**DATA PROVIDED:**

━━━━━━━━━━

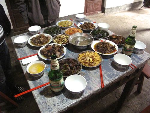 A meal was waiting for us when we reached his home. We sat down to eat and drink as everyone else came and went eating and chatting as they please: grandmothers, children, aunts, friends, fathers, dogs, and an occasional chicken. At this time of year the ritual is to go from family house to house to greet and drink and eat again and again. All extended family members are called brothers and sisters or aunts and uncles. It is a beautiful and tight knit family community. I was the first foreigner to visit Xiangying’s home (and the first one in his entire village), and even though they weren’t sure how to act and what to say to me, I was treated as family. It was a special occasion for all of us, especially for me.
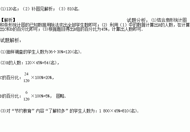 (3)若该中学共有1 800名学生,请你估计这所中学的所有学生中,对“节约教育”内容“了解较多”的有多少名?
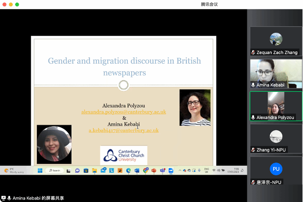 2023年1月17日晚,应爱爱视频 邀请,英国坎特伯雷大学语言中心(Centre for Language and Linguistics)两位学者Alexandra Polyzou博士和Amina Kebabi博士在线为学院师生开展第一场新文科背景下英语一流专业建设系列讲座,讲座题目为“Gender and migration discourse in British newspapers”。本次讲座由爱爱视频 副院长张奕教授主持,爱爱视频 50余名师生在线参加了此次讲座。讲座伊始,张奕教授对Alexandra ...

━━━━━━━━━━

**ASSIGNMENT:** Beginning with the line that includes "(3)若该中学共有1 800" and ending with the last line of the material, reproduce those lines exactly and nothing else, with no pictures.

**WRITTEN REPLY:**
 (3)若该中学共有1 800名学生,请你估计这所中学的所有学生中,对“节约教育”内容“了解较多”的有多少名?
 2023年1月17日晚,应爱爱视频 邀请,英国坎特伯雷大学语言中心(Centre for Language and Linguistics)两位学者Alexandra Polyzou博士和Amina Kebabi博士在线为学院师生开展第一场新文科背景下英语一流专业建设系列讲座,讲座题目为“Gender and migration discourse in British newspapers”。本次讲座由爱爱视频 副院长张奕教授主持,爱爱视频 50余名师生在线参加了此次讲座。讲座伊始,张奕教授对Alexandra ...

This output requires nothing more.